(Recorded data)
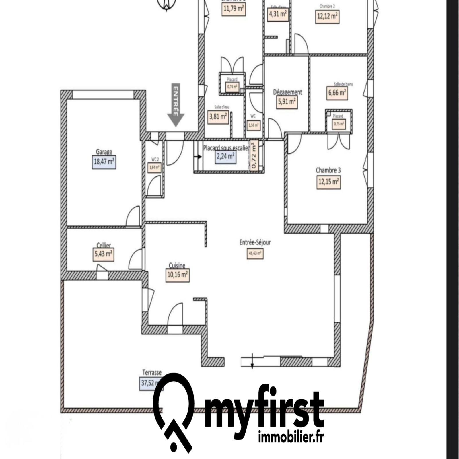 La villa dispose de la climatisation réversible et d’un garage attenant de 18,5 m².
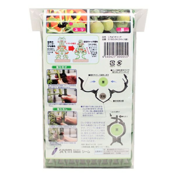 他の画像を見る 【支柱誘引作業が紐で縛らず労力大幅軽減!!】 シーム 誘引クリップ しちゅうキャッチ16 (支柱径16ミリ用) 緑 300個入 販売価格 ¥ 5,280 税込 カートに入れる お気に入りに登録する (0)
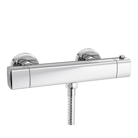 This stunning Montreal bar shower valve is part of our range of contemporary collection of showers and valves. This modern bar valve features modern soft curved styling with a chrome finish and has been constructed from solid brass. Features a pre-set maximum temperature that ensures that showering is safe and convenient. Supplied with decorative shrouds/covers to protect and conceal tile/wall edge, giving the installation a neat finished appearance. Pair the with a modern slider rail kit for a clean, and modern shower look.Â
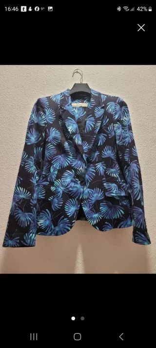 Chaqueta con un llamativo estampado de hojas en tonos azules y fondo negro. - Diseño de hojas tropicales. - Corte entallado. - Cierre de un botón.
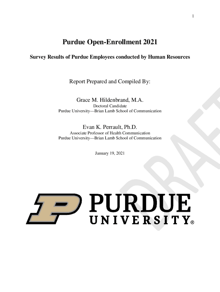 1Purdue OpenEnrollment 2021 Survey Results of Purdue Employees conducted by Human ResourcesReport Prepared and Compiled By: Grace M. Hildebrand, M.A. Doctoral Candidate Purdue University Brian Lamb
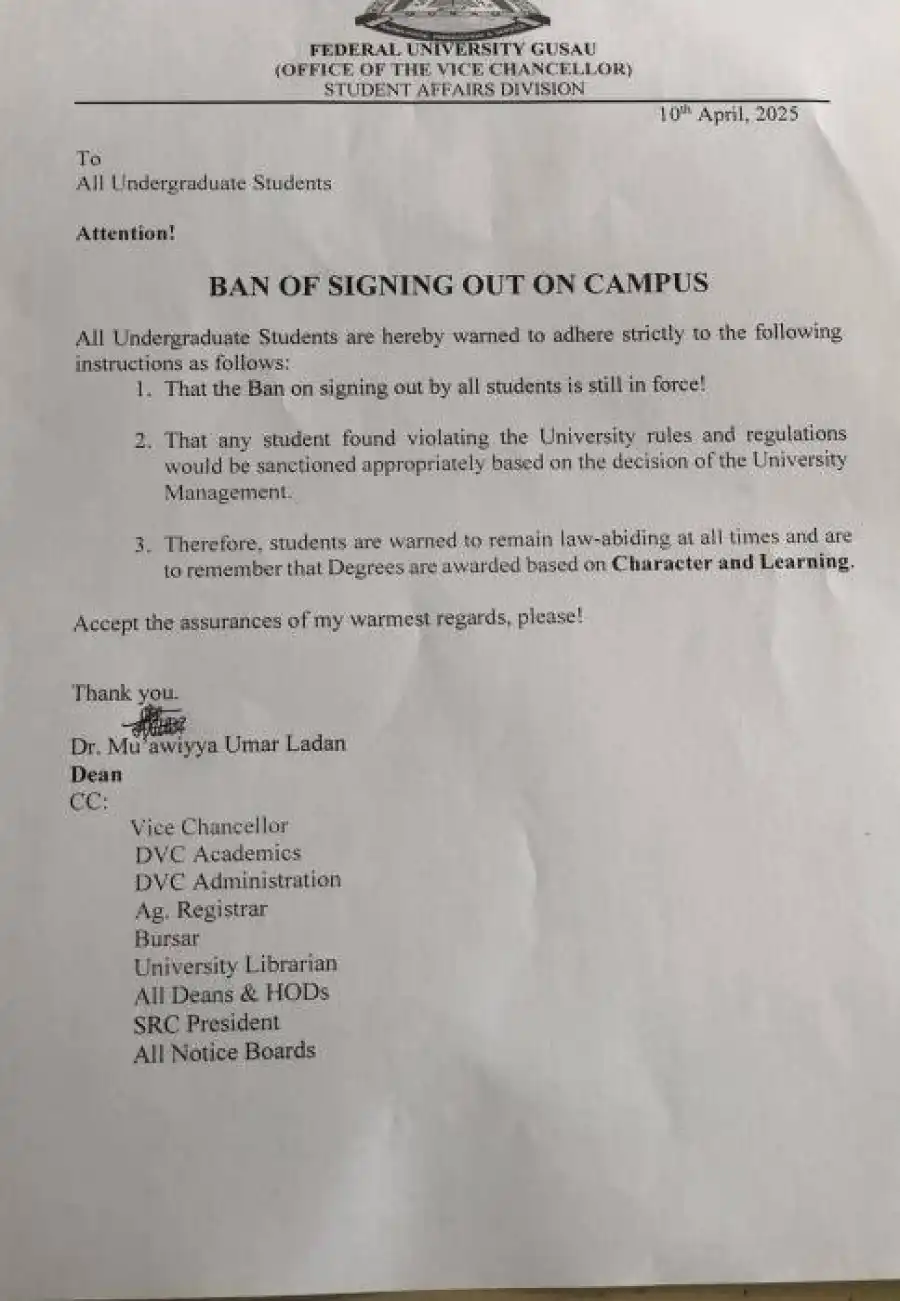 All Undergraduate Students of Federal University, Gusau are hereby warned to adhere strictly to the following instructions as follows:
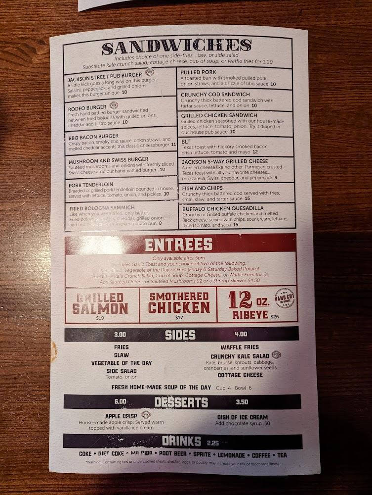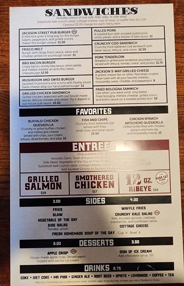 The menu at Jackson St Pub presents an exciting mix of American classics. Appetizers like crab rangoons and spicy cheese curds are perfect starters, while the main dishes shine with burgers, sandwiches, and steak options.
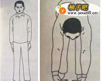 第二,左脚向左跨出一步,两腿分立同肩宽,两手用力抱头后部,手指贴枕后,以两肘用力张开,手指敲小脑后部片刻,然后配合呼吸做屈体动作。吸气时,身体挺起,呼气时,俯身弯腰,头垂至膝间作躬身状,两膝维持挺直,如此反复进行9~20次。第三,缓缓伸腰站起,两手自然下垂。注意弯腰垂头的幅度应因人而异,不可勉强。对患有高血压和脑动脉硬化者不宜。
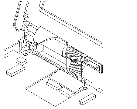 16. Detach the microphone cable from the top system board, shown in the figure. Replacement: Make sure that the two aluminum spacers are in place. After you reattach the microphone cable, place any excess cable behind the PCMCIA slot assembly. For information on routing the backlight cable, see 'Routing the Backlight Cable—.
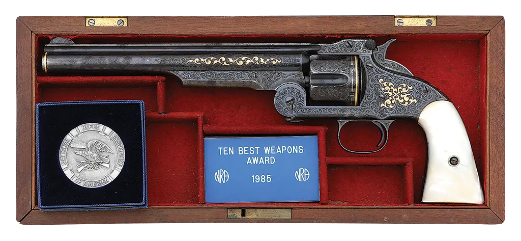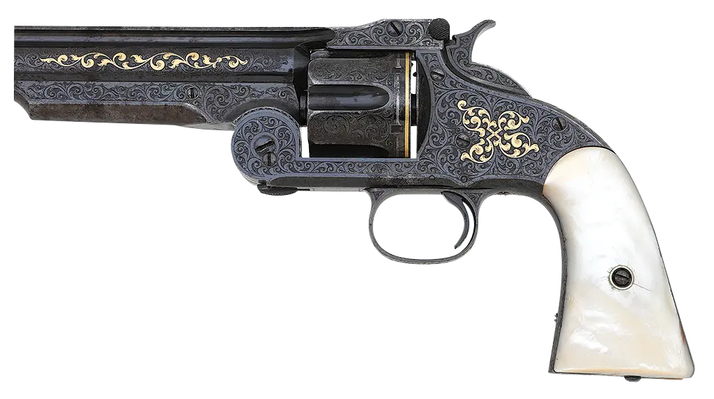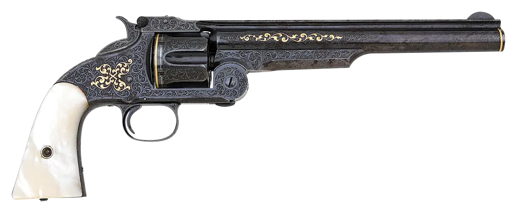 Fine Gustave Young Exhibition Engraved & Gold Inlaid Smith & Wesson No. 3 Second
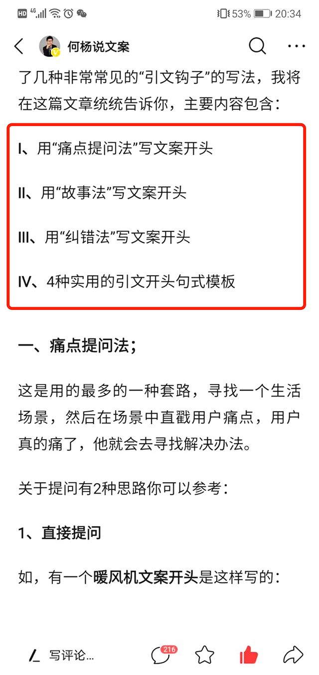 比如我之前有篇文章,是写文案开头的技巧,为了最短时间吸引用户的注意力,让他一直阅读下去,我就做了一个目录前置。
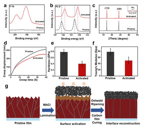 鉴于此,我校科研团队提出了利用机械化学原位重构碳电极与钙钛矿界面的策略。研究首先使用甲胺氯盐对钙钛矿薄膜表面进行化学活化,氯离子和甲胺离子的引入使得表面的钙钛矿转化成非晶态的中间相,纳米压痕测试表明中间相的生成显著降低了钙钛矿薄膜的硬度,提升了薄膜的可塑性。在将碳膜机械热压到活化后的钙钛矿表面时,中间相开始重新结晶为钙钛矿,该过程中钙钛矿通过奥斯瓦尔德熟化生长为结晶性更好、晶粒更大的钙钛矿薄膜。更重要的是,在压力和温度的驱动下,钙钛矿薄膜的再生长过程与碳膜的固化可以同步进行,利用二者的可塑性动态重构了两者之间的界面,有效解决了因界面接触导致的器件效率低下难题,将基于层压碳膜的无空穴传输层钙钛矿太阳能电池的效率提升到20%以上。上述将机械压力与化学活化结合的策略为钙钛矿太阳能电池的界面调控提供了新的思路和选择。

## About this task
From the first line through the line with "All Undergraduate Students", output those lines of the entries above exactly, and nothing else, with the pictures left out.

## Task output
 La villa dispose de la climatisation réversible et d’un garage attenant de 18,5 m².
 他の画像を見る 【支柱誘引作業が紐で縛らず労力大幅軽減!!】 シーム 誘引クリップ しちゅうキャッチ16 (支柱径16ミリ用) 緑 300個入 販売価格 ¥ 5,280 税込 カートに入れる お気に入りに登録する (0)
 This stunning Montreal bar shower valve is part of our range of contemporary collection of showers and valves. This modern bar valve features modern soft curved styling with a chrome finish and has been constructed from solid brass. Features a pre-set maximum temperature that ensures that showering is safe and convenient. Supplied with decorative shrouds/covers to protect and conceal tile/wall edge, giving the installation a neat finished appearance. Pair the with a modern slider rail kit for a clean, and modern shower look.Â
 Chaqueta con un llamativo estampado de hojas en tonos azules y fondo negro. - Diseño de hojas tropicales. - Corte entallado. - Cierre de un botón.
 1Purdue OpenEnrollment 2021 Survey Results of Purdue Employees conducted by Human ResourcesReport Prepared and Compiled By: Grace M. Hildebrand, M.A. Doctoral Candidate Purdue University Brian Lamb
 All Undergraduate Students of Federal University, Gusau are hereby warned to adhere strictly to the following instructions as follows:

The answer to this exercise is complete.